Wary advocates are responding with legal challenges.
Oakland amended an ordinance barring camping near locations including homes, schools and businesses after advocates for the homeless sued, calling the policy inhumane. Advocacy groups in Sacramento unsuccessfully sued to block a ballot measure they called cruel and unusual.
In Los Angeles, a sprawling lawsuit over encampments endangering public welfare has produced a vow to build more shelters — and created the legal authority to clear people from public spaces. Last year, the LA City Council prohibited people from sleeping in sensitive public spaces selected by council members in a move the city of Riverside emulated. Then, Los Angeles bolstered its prohibition in early August by banning camping near schools and daycares, acting at the behest of school district officials who warned children were being traumatized and threatened by people in a growing number of encampments.

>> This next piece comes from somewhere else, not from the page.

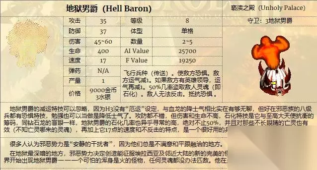 地狱男爵的特性提升和神圣大天使类似,运气-1提升为了运气-2;能够让敌人恐惧并且保留着无法反击的招牌。 除此之外,地狱男爵和钻石龙一样,也多了一个强力的控制技能——50%概率让对方被石化3回合,有了这个特性,基本上我们说地狱男爵是最强控制兵种一点问题也没有。
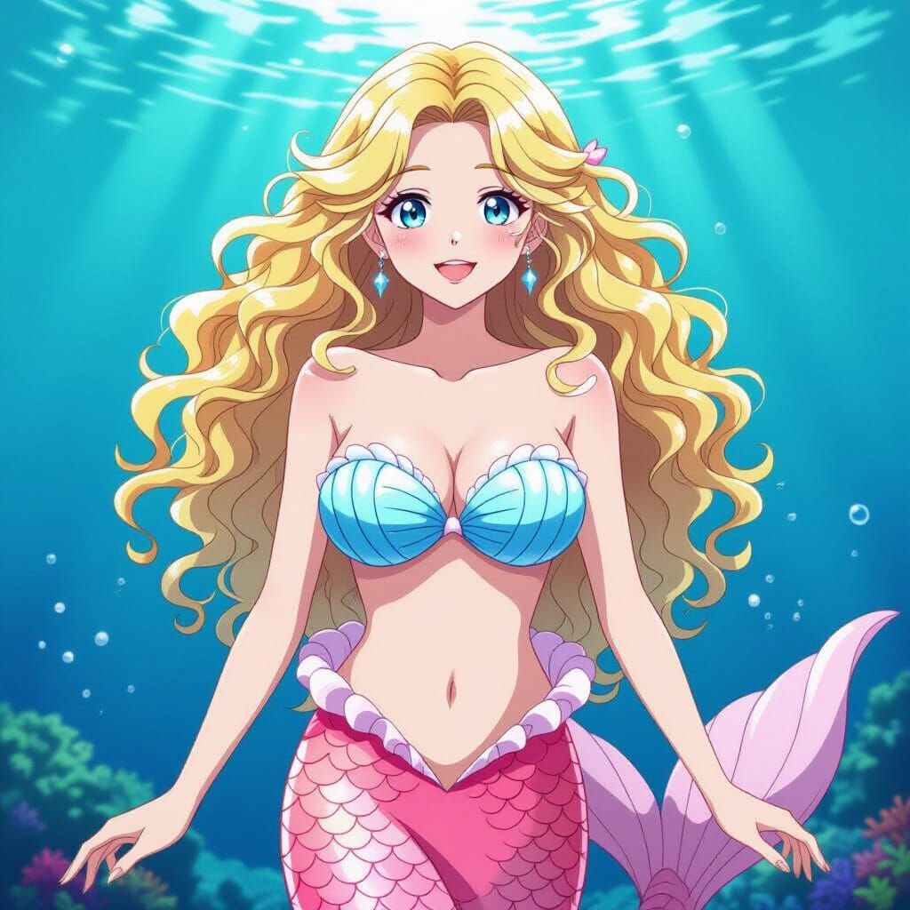 This image shows a blonde anime-style mermaid with a pink tail and blue seashell bra, underwater. The artwork features vibrant colors and a stylized aesthetic, reminiscent of popular anime art.

A backlash erupted as protesters filled the City Council chambers, chanting and shouting over speakers as they accused council members of inflicting death and violence on homeless people. Authorities ultimately cleared the chambers before lawmakers could return and vote. The proposal passed overwhelmingly with the blessing of Rep. Karen Bass, a Democrat running for LA mayor. But dissenters accused the Council of displacing the problem.
“When you don’t house people, when you don’t offer real housing resources to people at a particular location, the best outcome that you can hope for from a law like this is that people move 500 feet down the street,” Councilmember Nithya Raman said in an interview. “I’m up against a wall. I don’t have any available shelter, and I would imagine other council members are feeling the same way.”
Seventy percent of California’s homeless population is unsheltered, according to a recent Stanford University study, compared to New York, where the figure is 5 percent. The same study found that a large portion of the California homeless population have either a severe mental illness or long-term substance abuse problem, or both.
State and local officials have feuded for decades over who bears responsibility for housing and caring for people with severe mental health illnesses — those who might have been institutionalized a half-century ago, before the national closure of state-funded psychiatric hospitals.
Steinberg, the Sacramento mayor, has been trying to solve this problem for decades. In 2004, as a state legislator, he authored a landmark ballot measure, the Mental Health Services Act, which charged a 1 percent income tax on earnings more than $1 million to provide funding for mental health programs. Steinberg and others have praised the measure as a success, and some reports show that those who participate in the programs funded by the law see a reduction in homelessness.
But nearly two decades later, Steinberg is now dealing with a sprawling homeless population. Sacramento’s bans on camping along sidewalks and along the scenic river trail are set to go into effect at the end of the month. The city ban would classify a violation as a misdemeanor, but homeless people are not supposed to be automatically jailed or fined unless there are extraordinary circumstances, per a companion resolution Steinberg introduced.
With the upcoming ballot measure, championed by business leaders, the city is prepared to put tougher enforcement laws to voters in November, despite fierce criticism and legal challenges from advocates for homeless people. Steinberg said it’s still worth a shot.
“It is not perfect and it is not the way I would write it,” he said of the ballot measure. “But it is progress toward what I believe is essential: that people have a right to housing, shelter and treatment and in a very imperfect way.”